Trust is the entire product
Done right, this is the difference between a tutor that lifts scores and a liability that quietly lowers them. The upside is real: the College Board's own data links 20 hours of personalized practice to a 115-point average gain, but every point of it depends on the student trusting what the tutor says. One confidently wrong explanation and the trust is gone, and a parent who has been burned once can feel it in about three questions.

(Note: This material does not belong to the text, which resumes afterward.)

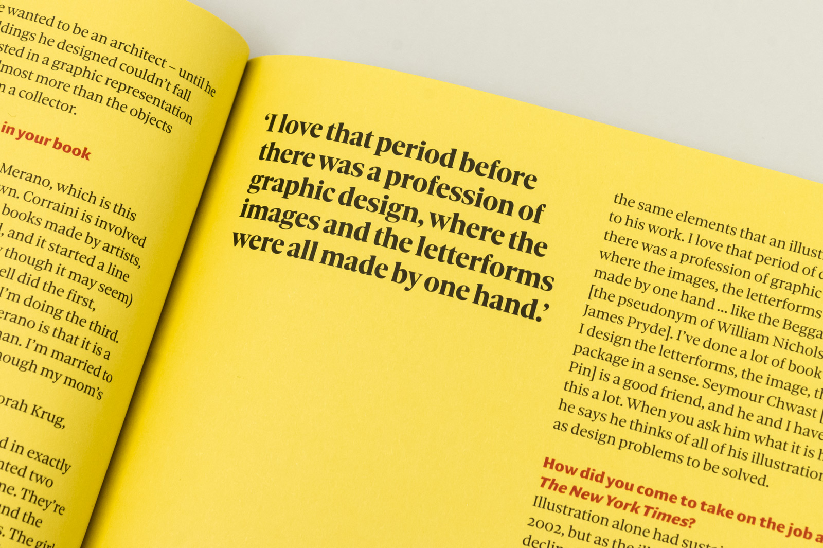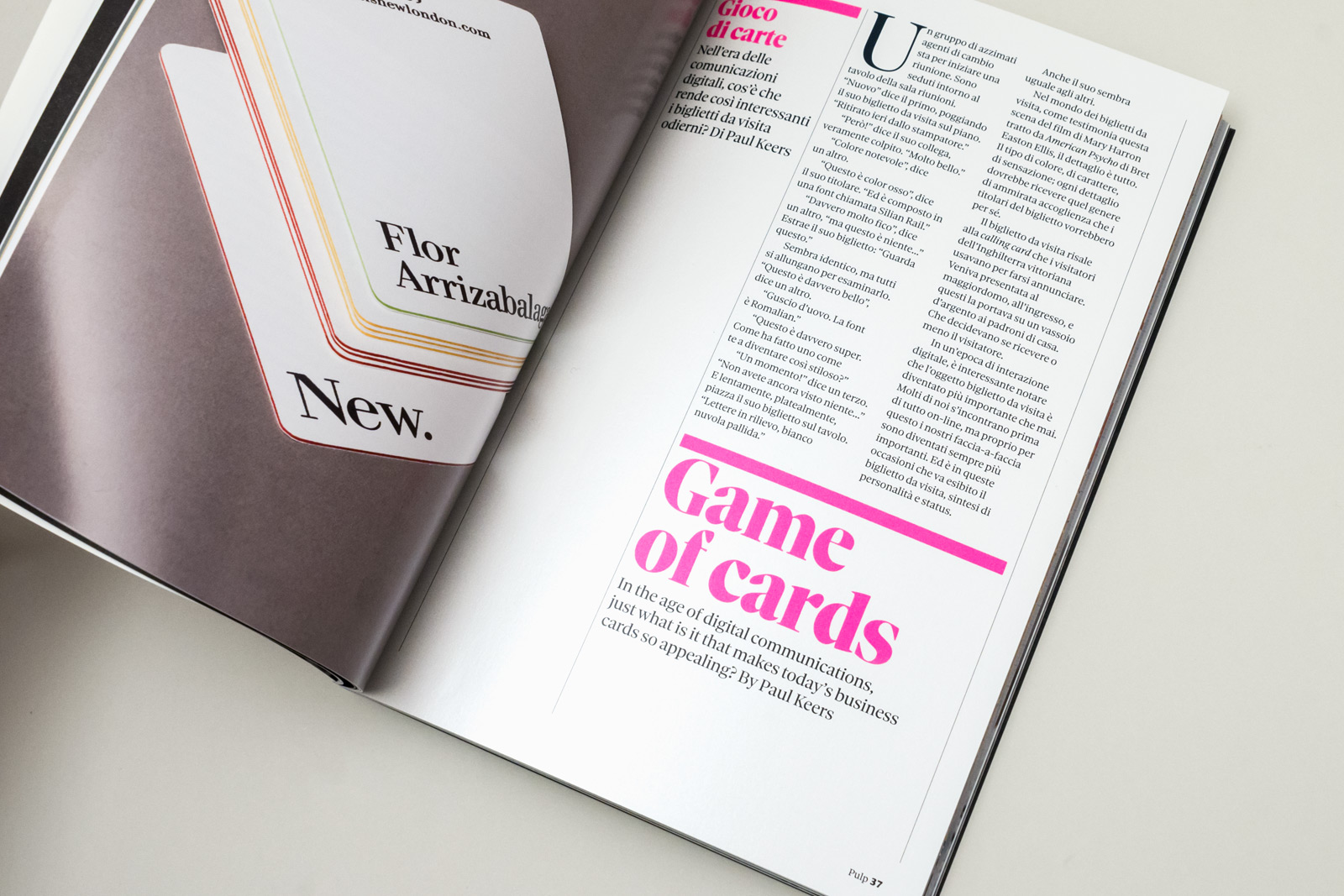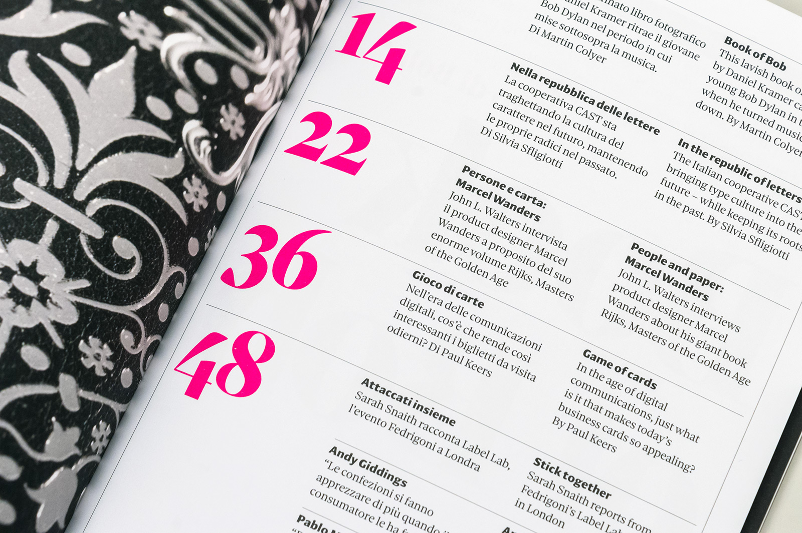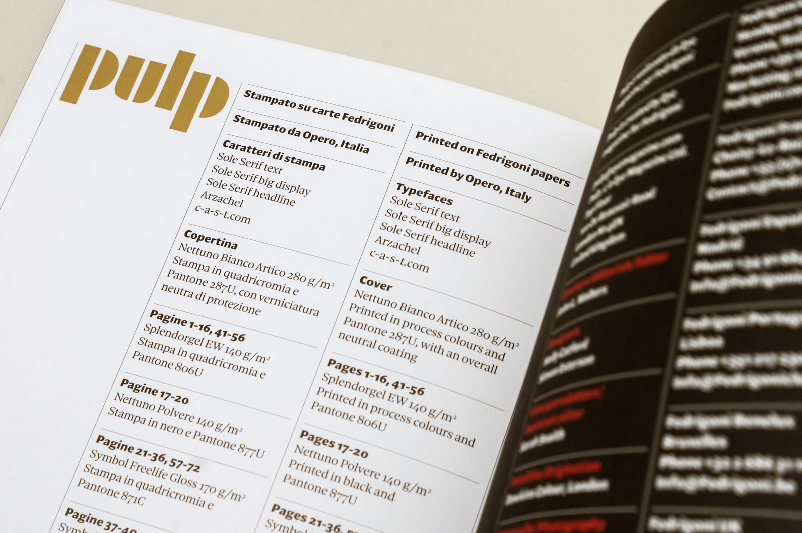 Pulp is a ‘quarterly journal of people and paper’ produced for Fedrigoni in two editions (Italian/English and French/Spanish) by Eye magazine’s editorial staff: John L. Walters, editor, Simon Esterson, art director, Holly Catford, art editor, Sarah Snaith, assistant editor, and Janet South, business manager. Printing techniques, fonts, layouts, graphic and editorial projects, illustrations, photographs, archives, swapping ideas with the people who get all this on the move and all the paper they use for their projects: these are the topics that Pulp has been covering since its first issue (March 2014).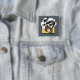 Funny angry disgruntled bird graphic illustration square pin back button. Background color can be customized.

By 2028 every SAT app will have an AI-tutor button, because the model is cheap and the feature demos beautifully. That's exactly why the button stops being a differentiator. What separates the platforms still standing is whether the thing behind it is grounded or guessing. The teams that win treat "never confidently wrong" as a hard requirement, not a v2 nice-to-have.
What 2muchcoffee covers
We build production AI tutoring and the grounding layer underneath it, the part that decides whether an explanation is trustworthy before it reaches a student. If you're putting an AI tutor in front of kids and you can't yet promise it won't teach the wrong method, that's the conversation to have before it's live, not after the first parent catches it. The plain way in is the AI work we do.
One concrete action
Take the ten hardest multi-step math problems on your platform, ask your AI tutor to solve and explain each, and have someone who knows the SAT check both the answer and the method. The error rate you find is your real product risk, and it's almost always higher than the demo suggested. This is one layer of building an SAT prep platform, and it's the layer where trust is won or quietly lost.